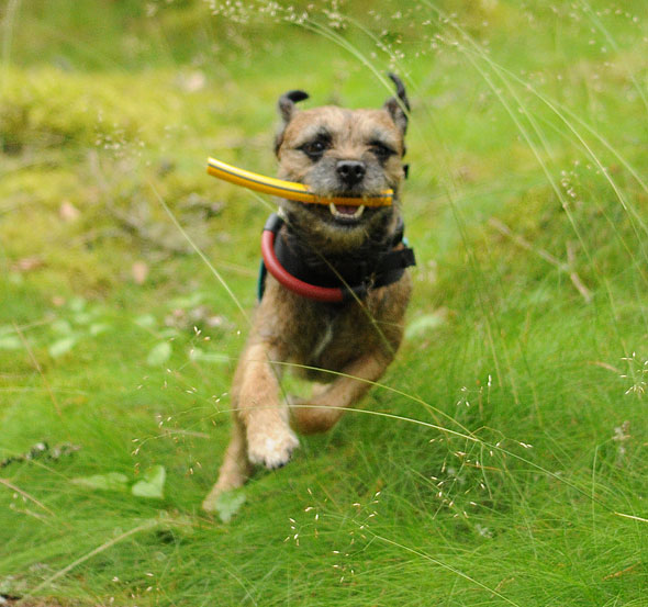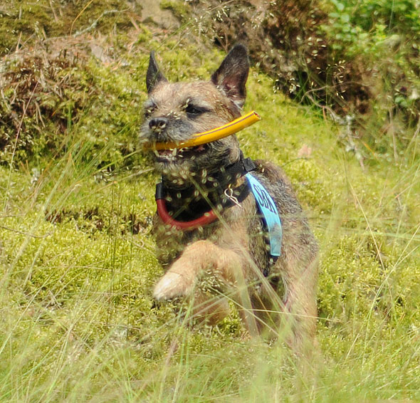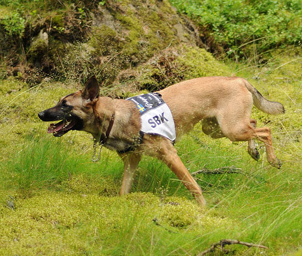 På torsdagen drabbades dock den lilla terriern av soppatorsk de luxe. Då kom A (farbror Bosses vikarierande matte) på att vi kunde använda Fabror Bosse för att skrämma upp honom lite. Det har ju fungerat förr, i både uppletande och spårupptag, så varför inte i söket? Magistern var mycket fascinerad av våra idéer men varför inte prova? Det där med ”skrämma” ska man dock ta med en nypa salt. Bosse skräms inte det minsta, men när han snor terrierns saker (som i det här fallet var sökfiguranterna) så blixtrar det till i hjärnan på det lilla träsktrollet och han får betydligt bättre fokus på uppgiften.
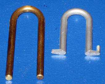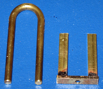14. Der fertige Bügel aus Edelstahl V2A sowie die Halterung aus Messing und die Befestigung des Bügels im Halter durch Messingstifte. | |||||||||||||||||||||||||||||||||||||||||||||||||||
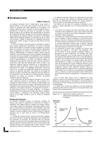 Este documento proporciona una introducción a los riesgos generales de la radiación ionizante. Explica que la radiación ionizante está presente de forma natural y tiene usos beneficiosos, pero también puede ser perjudicial si se administra en cantidades suficientes. Además, describe los tres tipos principales de radiación ionizante - directa, indirecta producida por partículas sin carga y radiación ionizante indirecta generada por fotones o neutrones - y sus mecanismos de interacción con la materia.
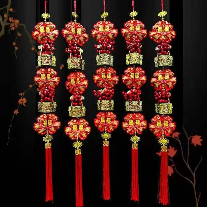 精品福桶红果五连串挂件反季节清仓处理撒粉五连串挂饰挂件批发
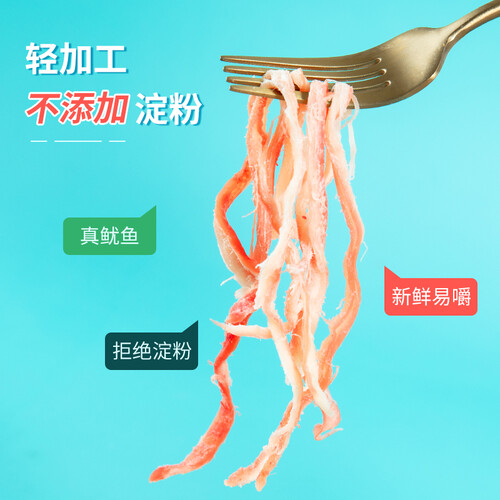 严选上好品质的鱿鱼制作而成,没有添加淀粉,真材实料,营养美味。轻加工制作,产品色泽更加鲜亮,香味扑鼻。

▶ [Your task] Output exactly the lines from the line containing "14. Der fertige" through the last line of the records, both included, and leave out every picture.

▶ [Result of the exercise]
14. Der fertige Bügel aus Edelstahl V2A sowie die Halterung aus Messing und die Befestigung des Bügels im Halter durch Messingstifte. | |||||||||||||||||||||||||||||||||||||||||||||||||||
 Este documento proporciona una introducción a los riesgos generales de la radiación ionizante. Explica que la radiación ionizante está presente de forma natural y tiene usos beneficiosos, pero también puede ser perjudicial si se administra en cantidades suficientes. Además, describe los tres tipos principales de radiación ionizante - directa, indirecta producida por partículas sin carga y radiación ionizante indirecta generada por fotones o neutrones - y sus mecanismos de interacción con la materia.
 精品福桶红果五连串挂件反季节清仓处理撒粉五连串挂饰挂件批发
 严选上好品质的鱿鱼制作而成,没有添加淀粉,真材实料,营养美味。轻加工制作,产品色泽更加鲜亮,香味扑鼻。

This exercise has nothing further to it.